### Records shown:
━━━━
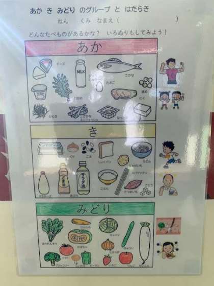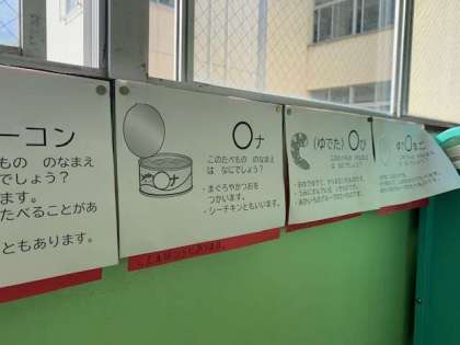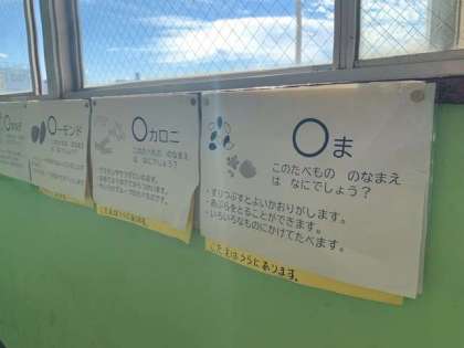 一年生の廊下前には、栄養教諭に教わった食べ物クイズが掲示されています。一枚めくると答えが出てきます。
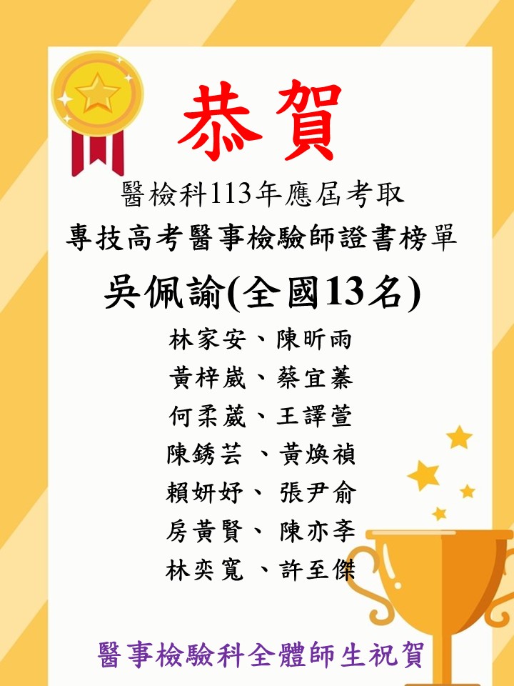 113年第二次醫事檢驗師專技高考榜單醫檢科吳佩諭同學於113年第二次醫事檢驗師專技高等考試考上全國第13名賀醫檢科學生考取113年第二次專技高考醫事檢驗師拔河第一名運動會-創意進場第四名醫檢科王政光老師和陳展泓老師帶領本科學生至日本高知大學學海築夢醫檢科葉旆妏同學參加112學年度全國學生音樂比賽苗栗縣初賽「高中職B組-中提琴獨奏」榮獲甲等仁德醫專56周年校慶 醫檢科創意進場榮獲第三名仁德醫專56周年校慶 醫檢科拔河比賽榮獲第一名醫事檢驗科 熱烈招生中!109國考橫幅-04賀 111 年七月專技考取名單歡迎加入仁德醫檢科大家族58週年校慶運動會~拔河比賽115.03.21一日醫檢師 想更加了解醫檢科學生日常及招生資訊可加醫檢科學會Instagram~▊最新公告 ▊賀 109年第二次醫檢師專技高考 詹尉辰全國第5名、邱榆軒全國第17名、李宥姍全國第20名賀 108年第二次醫檢師專技高考 王栩詒 全國榜首、陳亞軒全國第20名賀 107年第二次醫檢師專技高考謝佳勳榜首、李書安全國第6名、連家勝全國第14名醫檢科近五年醫檢師國考榜單最新公告一日醫檢師 海線活動2026 年 3 月 2 日仁德醫專醫檢科-天狗部落健康站2025 年 11 月 4 日一年一度的醫檢科迎新活動來嘍!2025 年 11 月 4 日仁德醫專創校58週年校慶暨運動大會2025 年 11 月 4 日2025.10.08 【仁德醫專醫檢科校友劉辰威回校分享國考經驗】2025 年 11 月 4 日more 累計瀏覽次數 : 5056
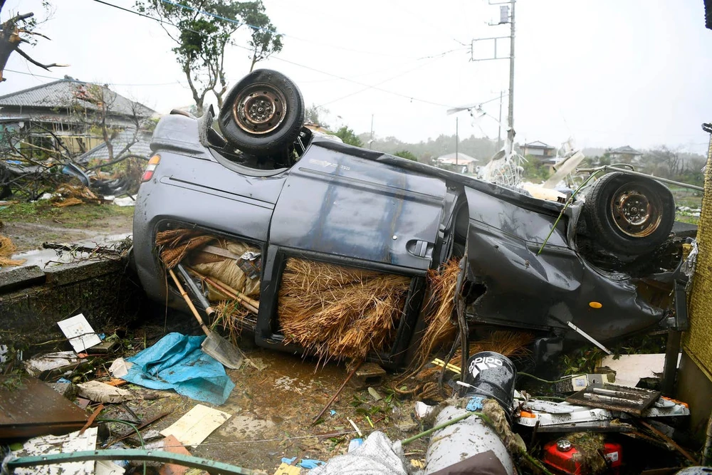 Xe lật nhào vì gió mạnh từ bão Hagibis ở TP Ichihara, tỉnh Chiba (Nhật). Ảnh: AP
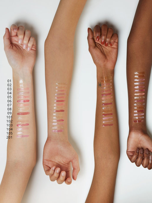 оттенки ярко выраженные! по этому если вы возьмёте бледно розовый, то ваши губы будут почти белые! шиммер в нем не видно совершенно и блеск очень густой, не особо блестит на губах я аллергетик, но он аллергии не вызвал. но после нанесения минут 10-15 очень жгёт губы, потом это ощущение проходит
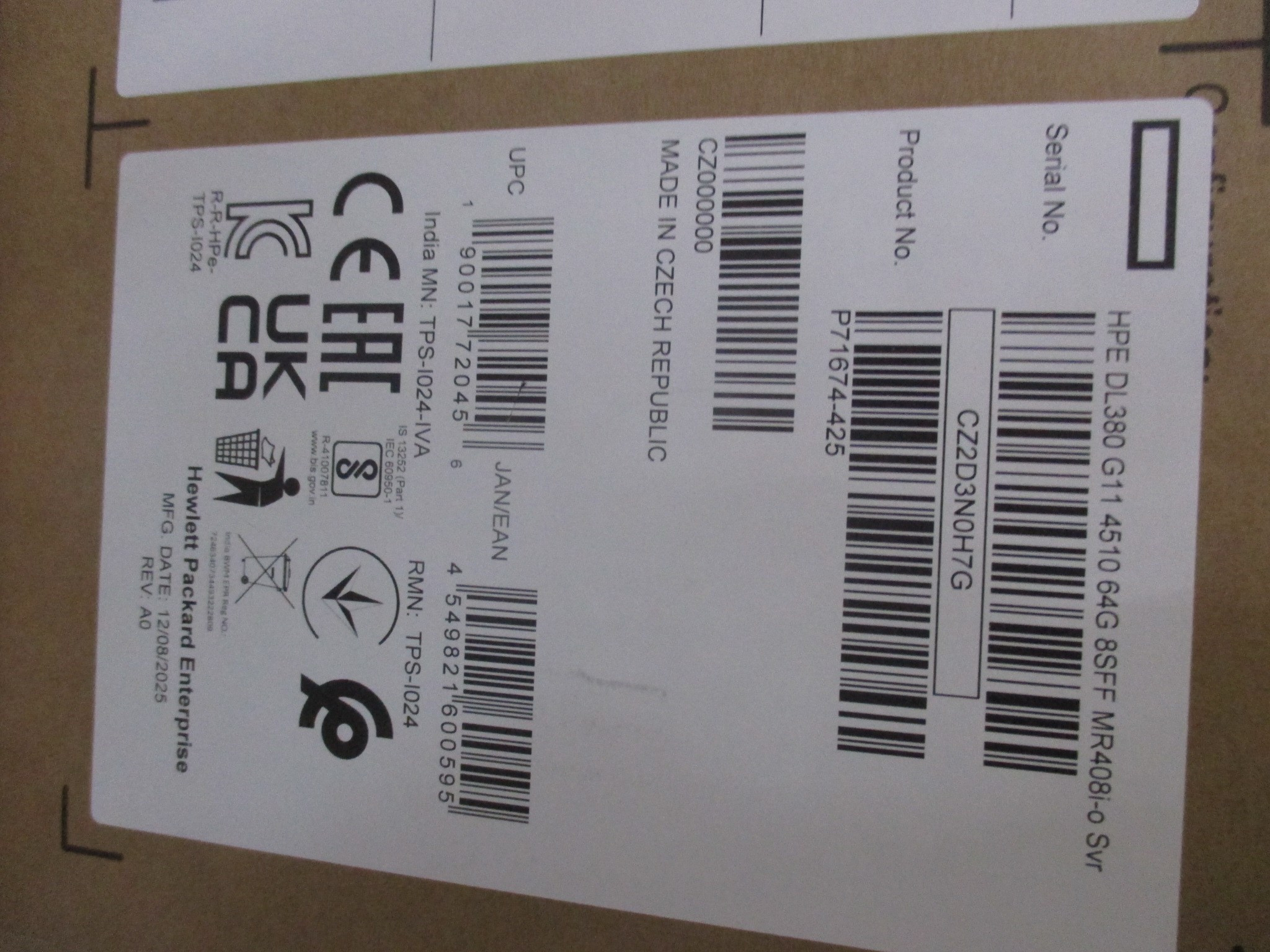 Model Name HPE PL DL380g11 4510 (2.4/12C) 2x32G 2x960G 8SFF MR408i-o 2x1000W 4x1Gb NBD333
━━━━
### Task statement:
Using the data above, write out every line exactly, leaving the images behind.

### Exercise solution:
 一年生の廊下前には、栄養教諭に教わった食べ物クイズが掲示されています。一枚めくると答えが出てきます。
 113年第二次醫事檢驗師專技高考榜單醫檢科吳佩諭同學於113年第二次醫事檢驗師專技高等考試考上全國第13名賀醫檢科學生考取113年第二次專技高考醫事檢驗師拔河第一名運動會-創意進場第四名醫檢科王政光老師和陳展泓老師帶領本科學生至日本高知大學學海築夢醫檢科葉旆妏同學參加112學年度全國學生音樂比賽苗栗縣初賽「高中職B組-中提琴獨奏」榮獲甲等仁德醫專56周年校慶 醫檢科創意進場榮獲第三名仁德醫專56周年校慶 醫檢科拔河比賽榮獲第一名醫事檢驗科 熱烈招生中!109國考橫幅-04賀 111 年七月專技考取名單歡迎加入仁德醫檢科大家族58週年校慶運動會~拔河比賽115.03.21一日醫檢師 想更加了解醫檢科學生日常及招生資訊可加醫檢科學會Instagram~▊最新公告 ▊賀 109年第二次醫檢師專技高考 詹尉辰全國第5名、邱榆軒全國第17名、李宥姍全國第20名賀 108年第二次醫檢師專技高考 王栩詒 全國榜首、陳亞軒全國第20名賀 107年第二次醫檢師專技高考謝佳勳榜首、李書安全國第6名、連家勝全國第14名醫檢科近五年醫檢師國考榜單最新公告一日醫檢師 海線活動2026 年 3 月 2 日仁德醫專醫檢科-天狗部落健康站2025 年 11 月 4 日一年一度的醫檢科迎新活動來嘍!2025 年 11 月 4 日仁德醫專創校58週年校慶暨運動大會2025 年 11 月 4 日2025.10.08 【仁德醫專醫檢科校友劉辰威回校分享國考經驗】2025 年 11 月 4 日more 累計瀏覽次數 : 5056
 Xe lật nhào vì gió mạnh từ bão Hagibis ở TP Ichihara, tỉnh Chiba (Nhật). Ảnh: AP
 оттенки ярко выраженные! по этому если вы возьмёте бледно розовый, то ваши губы будут почти белые! шиммер в нем не видно совершенно и блеск очень густой, не особо блестит на губах я аллергетик, но он аллергии не вызвал. но после нанесения минут 10-15 очень жгёт губы, потом это ощущение проходит
 Model Name HPE PL DL380g11 4510 (2.4/12C) 2x32G 2x960G 8SFF MR408i-o 2x1000W 4x1Gb NBD333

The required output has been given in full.